ECONOMY

In Media Coverage, Deficit Eclipses Unemployment

Major newspapers shift focus from unemployment to the deficit, National Journal analysis shows.

Updated: May 16, 2011 | 6:05 p.m.
May 16, 2011 | 3:06 p.m.

Major U.S. newspapers have increasingly shifted their attention away from coverage of unemployment in recent months while greatly intensifying their focus on the deficit, a National Journal analysis shows.

The analysis -- based on a measure of how often the words "unemployment" and "deficit" appear in major publications -- portrays a dramatically shifting landscape of coverage over the past two years, as the debate over how to fix the federal deficit has risen to prominence and the question of how to handle still-high unemployment has faded from the media's consciousness.

Infographic

National Journal compiled counts of articles that mention one of the words in their headline or first sentences in the five largest newspapers in the country by print circulation -- a group that consists of The New York Times, The Wall Street Journal, the Los Angeles Times, USA Today, and The Washington Post. The data was taken over a period of roughly two years from April 15, 2009, to May 15, 2011, using LexisNexis, a news information service. The numbers exclude mentions that also used the words Europe(an) and Greece or Greek in an effort to focus solely on the domestic debate, though even with those included, the trend was not materially different.

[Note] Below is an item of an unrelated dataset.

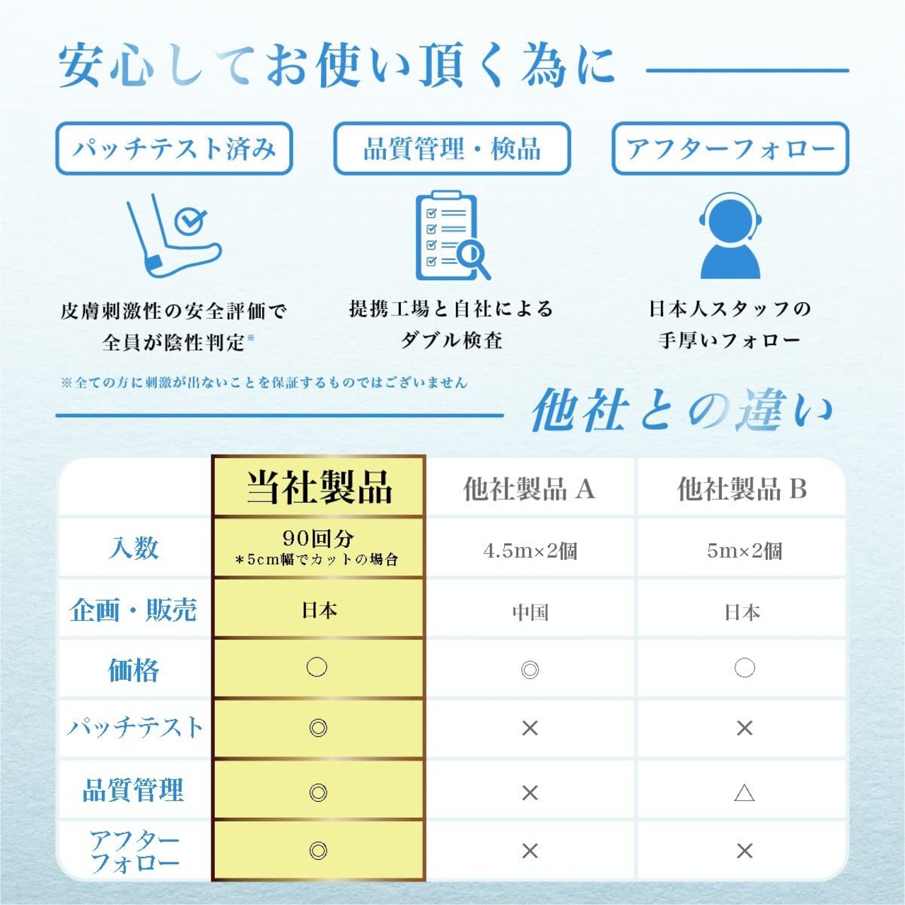 【■たっぷり90回分】1回5cm使っても約3か月分使える大容量。緩衝材に利用されるPEフォーム素材を使用。衝撃吸収・圧力分散で足の負担を軽減します。●素材:ポリエチレンフォーム・ホットメルト ●長さ4.5m 幅2.5cm 厚み1mm ●男女兼用のテープタイプ ●90回1巻き×2セット

Mentions of unemployment have been dwindling since they spiked to 154 in the month ending August 15, 2010; over the month ending Sunday, there were 63. Deficit mentions, meanwhile, surged up to 261 in the month ending December 15, 2010, when the leaders of President Obama's deficit commission released their final report. Mentions of the deficit remained higher after the commission's work wrapped up and as House Republicans and then the White House unveiled dueling proposals. In the month ending Sunday, there were 201 mentions.

To be sure, the decline in unemployment articles coincided with a one-half-percentage-point decrease in the headline unemployment rate as well as materially better payroll job growth, but the labor market remains fragile and the pace of its recovery far from sufficient.

More likely, the broadening gap demonstrates just how effective conservatives have been at changing the narrative of economic policy from one dominated by talk of fiscal stimulus to one now in lockstep with notions of fiscal austerity.

That major newspapers and other media outlets have covered the deficit with greater intensity in recent months should come as no surprise given the focus of the politicians and policymakers they cover. The declining mentions of unemployment are perhaps more surprising, as the issue remains salient for millions of Americans.